Evolution, speciation, and inbreeding in the parasitic ant genus Epimyrma (Hymenoptera, Formicidae)

The ant genus Epimyrma exhibits an evolutionary transition from fully developed slave‐making to a completely workerless parasitic condition. Two of the actively dulotic species, like the closely‐related Myrmoxenus gordiagini , engage in mating and dispersal flights as is usual in ants, whereas in the remaining five species intranidal mating of the sexuals and thus continuous inbreeding is observed; the females shed their wings in the nest and disperse on foot.
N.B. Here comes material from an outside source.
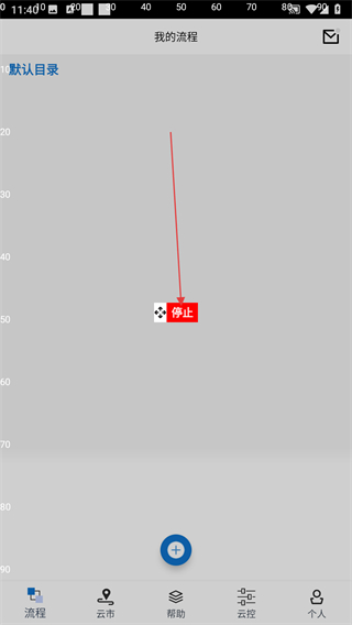 1、打開觸控精靈應(yīng)用,進(jìn)入我的流程界面,點(diǎn)擊界面底部的藍(lán)色加號(hào)按鈕。

The inbreeding species are very closely interrelated, as was recently demonstrated with hybridization experiments. The reduction of slave‐making and the evolution of intranidal mating in this group can hardly be explained assuming ordinary models of speciation and spreading of species. I therefore suggest the scenario of an original, widespread, polytypic species with partially isolated, host‐specific races and populations in which genetic dispositions for a reduction of worker numbers and slave‐raiding, and for intranidal mating, were adaptive; the latter, however, encountered problems associated with inbreeding. Such a situation then selected for a sex‐determination mechanism resistant to inbreeding which spread throughout the range of the species, completing the life‐pattern. Due to intranidal mating and inbreeding, however, gene flow between populations is interrupted. The inbreeding system has evidently led to the conservation of a status quo in each population it has reached. The original host‐specific races are morphologically and biologically discrete entities, which should be maintained as species, as they were described, even though they consist of reproductively isolated demes which themselves are built up of isolated, clone‐like lineages.